Обычно арест производился по предъявлению ордера, подписанного прокурором, но иногда с этой формальностью не считались. Кравченко, например, пишет, что во время одного ареста на Украине вместе с человеком, на которого был выписан ордер, было схвачено двое совершенно случайных людей. Никакого ордера на их арест не было, но их также посадили и выпустили на свободу только через пять месяцев.[46] Нередко по ошибке арестовывали людей с такими распространенными фамилиями, как Иванов. Через несколько недель или месяцев эти люди выходили на свободу. Но прежде чем ошибка была обнаружена, некоторые из них успевали сознаться в шпионаже и других преступлениях. Несмотря на это, их все же иногда выпускали.[47]
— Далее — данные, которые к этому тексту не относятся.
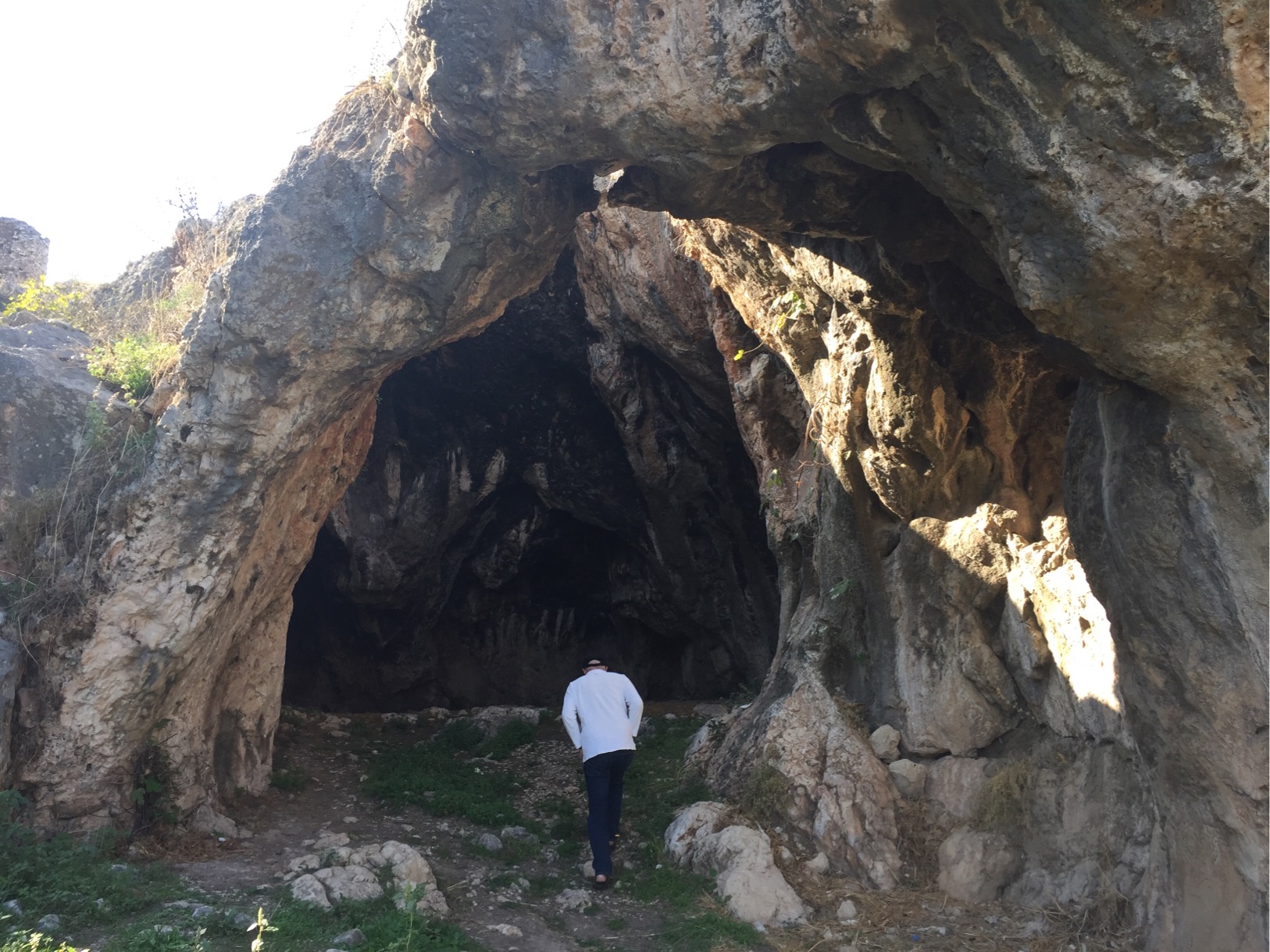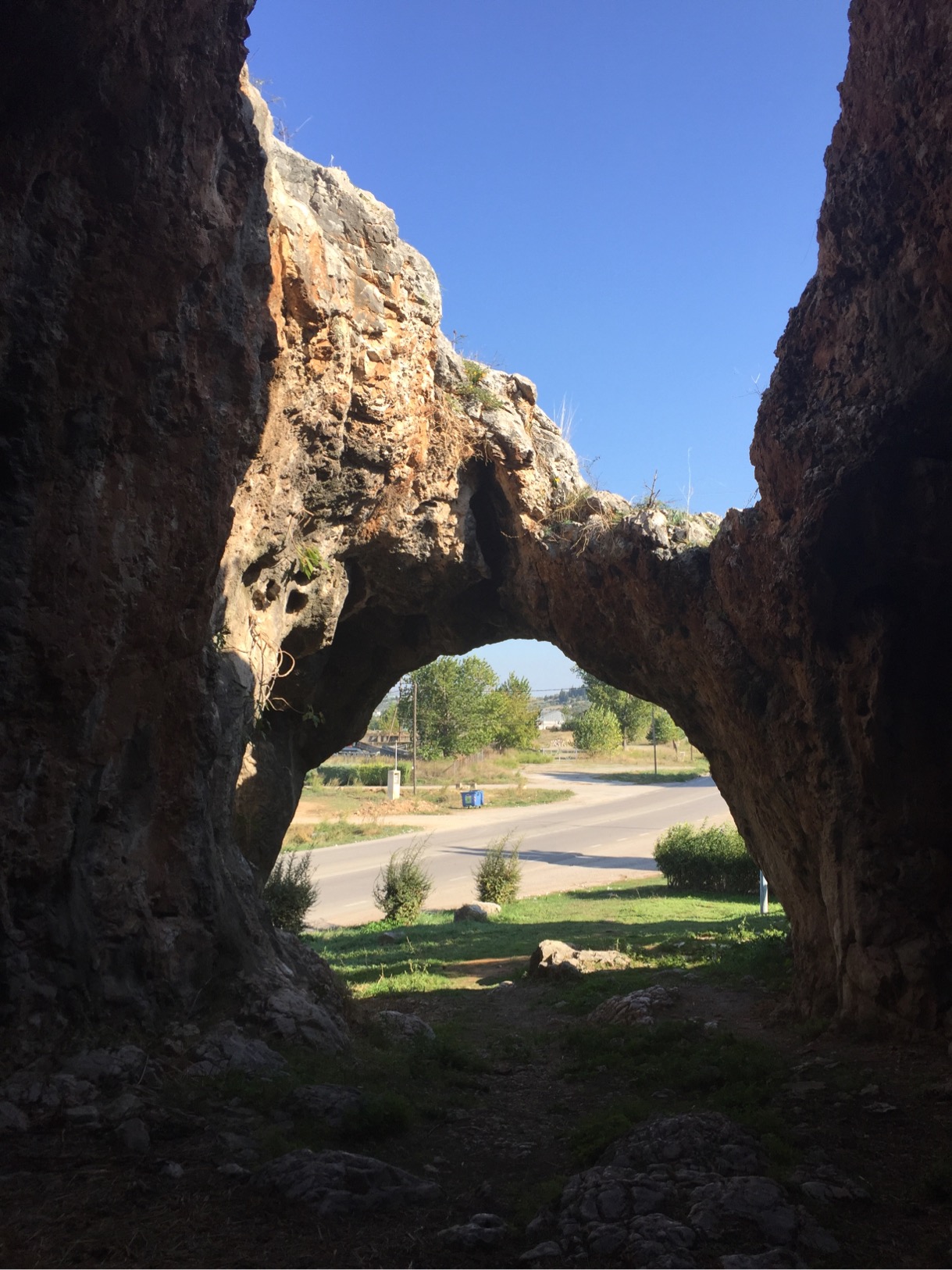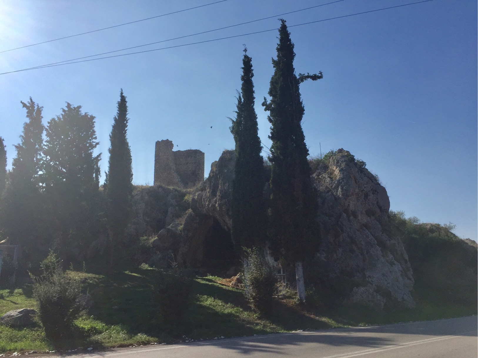 We stopped for lunch in Aliartos , a small farming community, opposite a cave with what turned out to be a Medieval tower perched above it. At the back of the cave we could see the start of a “secret” passage which looked like it connected to the tower – maybe an escape route if the tower was attacked?

Жене не сообщали, где находится арестованный муж. Ей самой приходилось ходить по тюрьмам, чтобы выяснить это. В Москве жены шли сначала в «справочный центр» — Кузнецкий мост, 24, напротив Лубянки, потом в Сокольники, потом в Таганку, в Бутырку, в военную тюрьму Лефортово; а потом начинали сызнова. Сотни женщин стояли в очереди у каждой тюрьмы. Дождавшись своей очереди, женщины просили передать заключенным 50 рублей, на которые те имели право до вынесения приговора. Иногда администрация тюрьмы в результате какой-нибудь бюрократической неувязки заявляла, что такого заключенного нет. Некоторым женщинам удавалось точно установить место нахождения мужа только на второй или третий год.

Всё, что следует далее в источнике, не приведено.